Selfies

This article was first published in the Spring 2015 issue of The Community College Moment

 

Selfies: Handprints on the Cave Wall

Michelle-Obama-and-Bo-Taking-a-Selfie
First Lady Michelle Obama took a photo of herself with first dog Bo and posted it to Twitter and Instagram as part of the Great Nature Project, National Geographic’s effort to create the world’s largest online animal photo album

I have a postcard from First Lady Michelle Obama that I really love. She and First Dog Bo are reclining on the East Lawn: she is holding her cell phone up in what is now the iconic pose of the selfie. She and Bo are both smiling at her cell phone, and I, for one, don’t think, “Oh, Michelle’s taking a selfie–she’s so self-absorbed and narcissistic.” I’m not saying there isn’t plenty of evidence in the selfie movement that leads my thinking in that direction, but that here is a vernacular genre of spontaneous self-expression born of roots in self-portraiture and evolving technologies.

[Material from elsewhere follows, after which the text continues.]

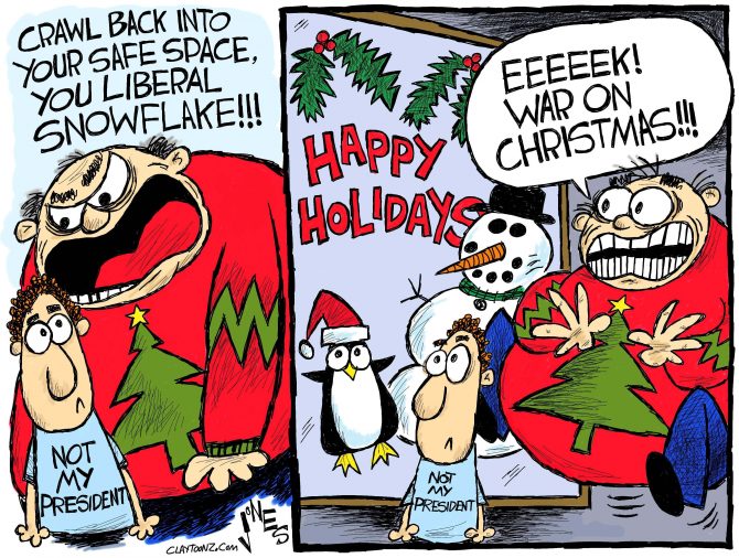 I always find it hypocritical when I hear and see conservatives accuse liberals of being whiny and ultra sensitive. Really? This from the bunch that creates persecution for themselves? They come up with the “War On Christmas” because they’re threatened when someone says “happy holidays” or “seasons greetings.” They worry that white people aren’t catching all the breaks anymore. They become outraged if Baby Jesus isn’t on a coffee cup. Hell, they won the election and they’re still whining about it. They really hate when it’s pointed out that Hillary Clinton received more votes than Donald Trump. Even Donald Trump can’t stop tweeting out excuses about it.
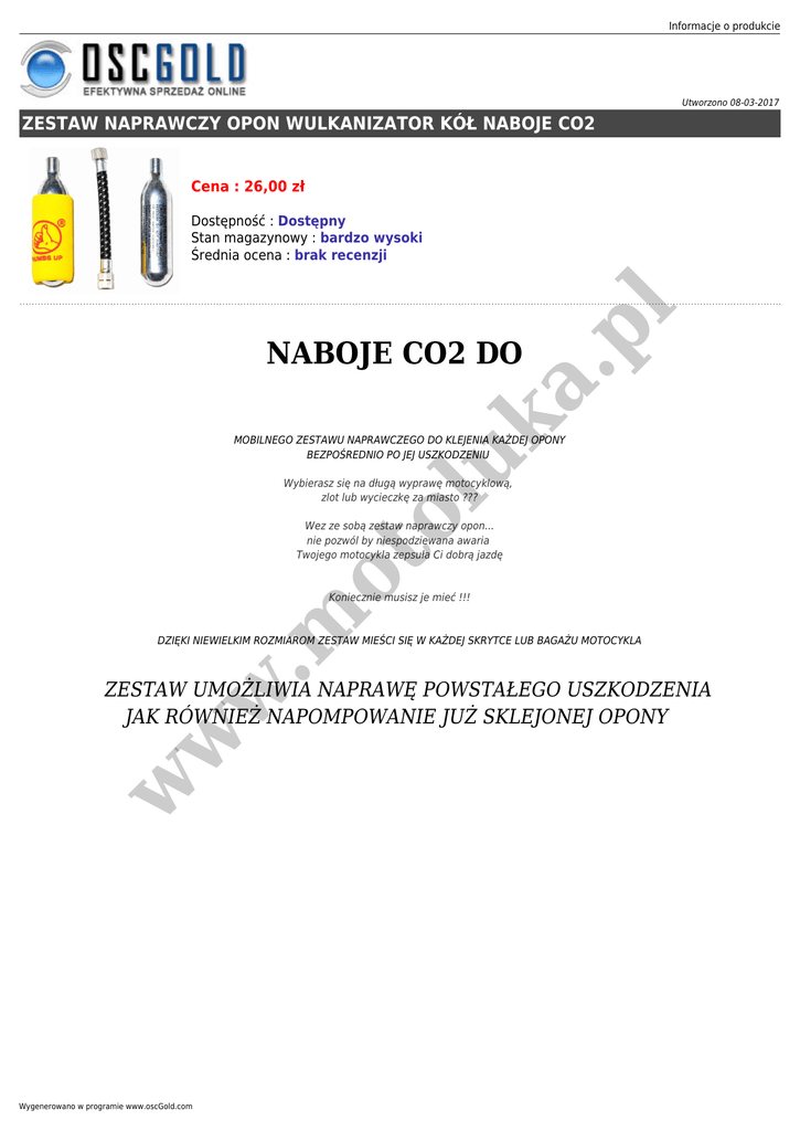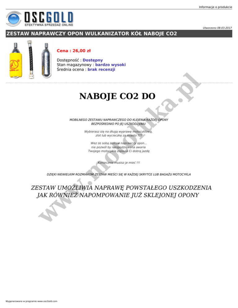Informacje o produkcie Utworzono 08-03-2017 ZESTAW NAPRAWCZY OPON WULKANIZATOR KÓŁ NABOJE CO2 Cena : 26,00 zł a. pl Dostępność : Dostępny Stan magazynowy : bardzo wysoki Średnia ocena : brak recenzji uk NABOJE CO2 DO MOBILNEGO ZESTAWU NAPRAWCZEGO DO KLEJENIA KAŻDEJ OPONY BEZPOŚREDNIO PO JEJ USZKODZENIU ol Wybierasz się na długą wyprawę motocyklową, zlot lub wycieczkę za miasto ??? ot Wez ze sobą zestaw naprawczy opon... nie pozwól by niespodziewana awaria Twojego motocykla zepsuła Ci dobrą jazdę .m Koniecznie musisz je mieć !!! DZIĘKI NIEWIELKIM ROZMIAROM ZESTAW MIEŚCI SIĘ W KAŻDEJ SKRYTCE LUB BAGAŻU MOTOCYKLA w w w ZESTAW UMOŻLIWIA NAPRAWĘ POWSTAŁEGO USZKODZENIA JAK RÓWNIEŻ NAPOMPOWANIE JUŻ SKLEJONEJ OPONY Wygenerowano w programie www.oscGold.com w w w ot .m a. pl uk ol

Rather, I reflect first on Vincent Van Gogh, the Post Impressionist painter who did a whole series of self-portraits. When I look into the somewhat wild and lonely face that he portrays, I think less about his well-known history and more about the twin qualities of vision and loneliness, perhaps even bewilderment I see there. These are profoundly human emotions. And just as a little brush up on art history, a reminder that Van Gogh did not receive any critical attention during his lifetime to make him think his art would become a class marker of the upper crust. Very much like today’s millions of selfie takers, he felt alone, misunderstood, an unseen face among the masses of humans.

A self-portrait, a selfie says, if only to oneself, “I exist. Here I am. This is my handprint on the cave wall of my time  and my world.”

I believe we are all desperate to be seen, to be acknowledged, and the selfies we take reflect the degree of maturity we have attained in our personal struggle to come to grips with that drive. Van Gogh painted himself with a ruthless honesty that inspires me to see in my own aging features the galactic pinwheels cartwheeling across the ordinary face of home.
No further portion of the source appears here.